EXERCISE GOAL
Would you transcribe the listing that follows, character for character, and omit its images?

DATA BLOCK
===============

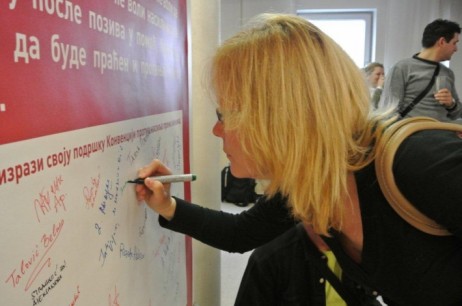 Representatives of local bodies for gender equality from 34 cities in Serbia singed for the implementation of the Council of Europe Convention on preventing and combating violence against women and domestic violence. The Ceremonial signing was organized by Autonomous Women’s Center and Network Women against Violence within the training of Standing Conference of Towns and Municipalities of Serbia, which took place on November 27-29th 2013 in Niš. |
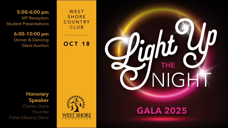 It's time to spotlight and celebrate all the great things that are happening in the West Shore School District at our 10th Annual Gala! This year's theme is Light Up the Night! It is our major fundraising event each year. We are proud to support the students, faculty, and staff in the areas of Academics, Arts & Culture, Athletics, Innovation, and Community Wellness.
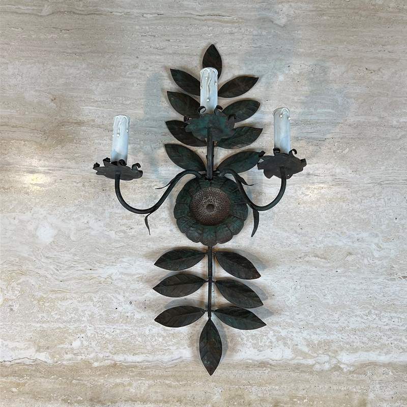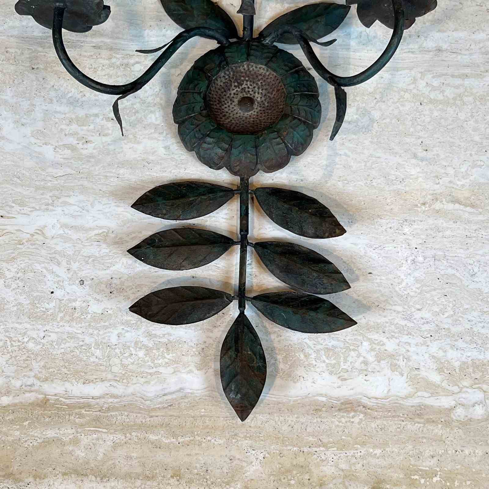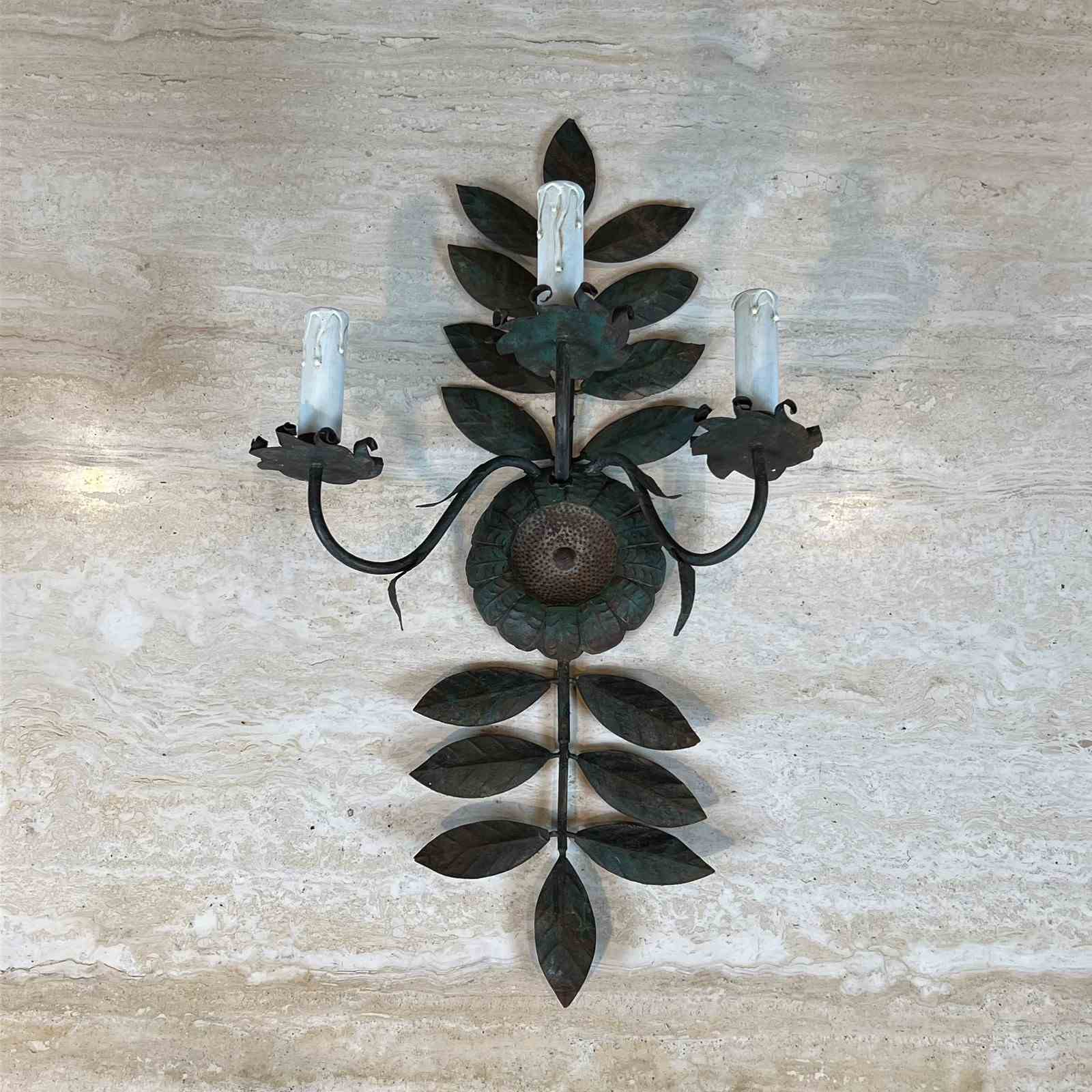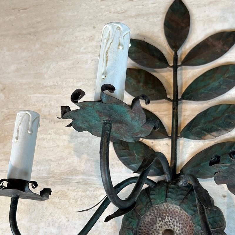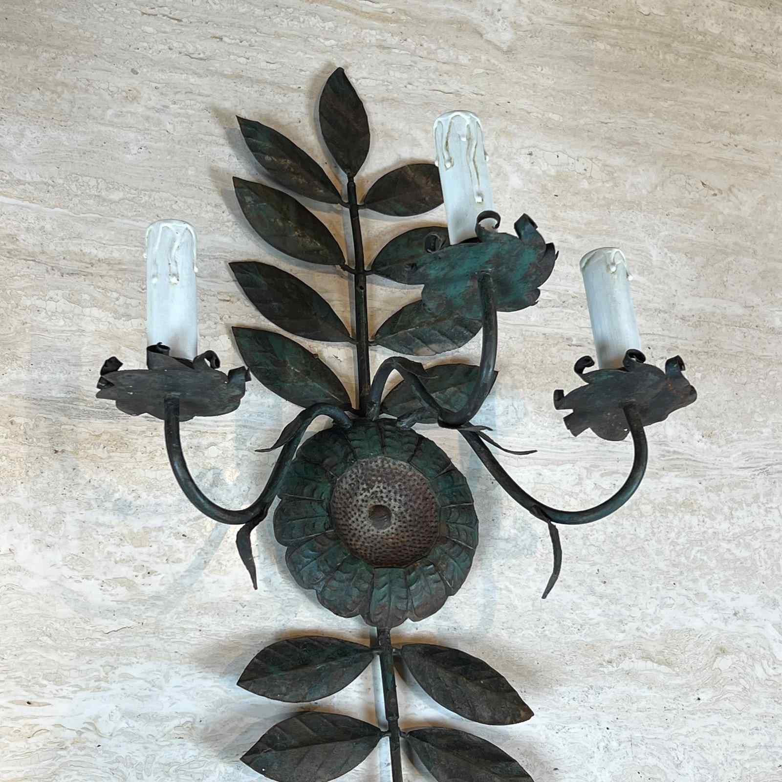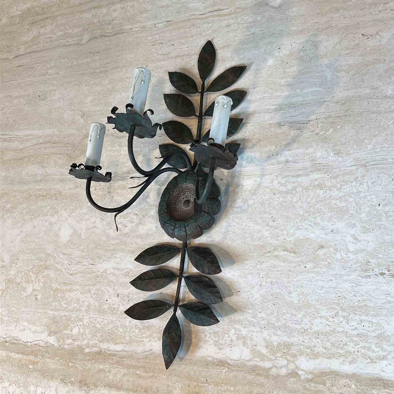Pair of decorative wall sconces in patinated metal depicting sunflowers and foliage. French work. Circa 1940

===============

ANSWER TO THE EXERCISE
 Representatives of local bodies for gender equality from 34 cities in Serbia singed for the implementation of the Council of Europe Convention on preventing and combating violence against women and domestic violence. The Ceremonial signing was organized by Autonomous Women’s Center and Network Women against Violence within the training of Standing Conference of Towns and Municipalities of Serbia, which took place on November 27-29th 2013 in Niš. |
 It's time to spotlight and celebrate all the great things that are happening in the West Shore School District at our 10th Annual Gala! This year's theme is Light Up the Night! It is our major fundraising event each year. We are proud to support the students, faculty, and staff in the areas of Academics, Arts & Culture, Athletics, Innovation, and Community Wellness.
Pair of decorative wall sconces in patinated metal depicting sunflowers and foliage. French work. Circa 1940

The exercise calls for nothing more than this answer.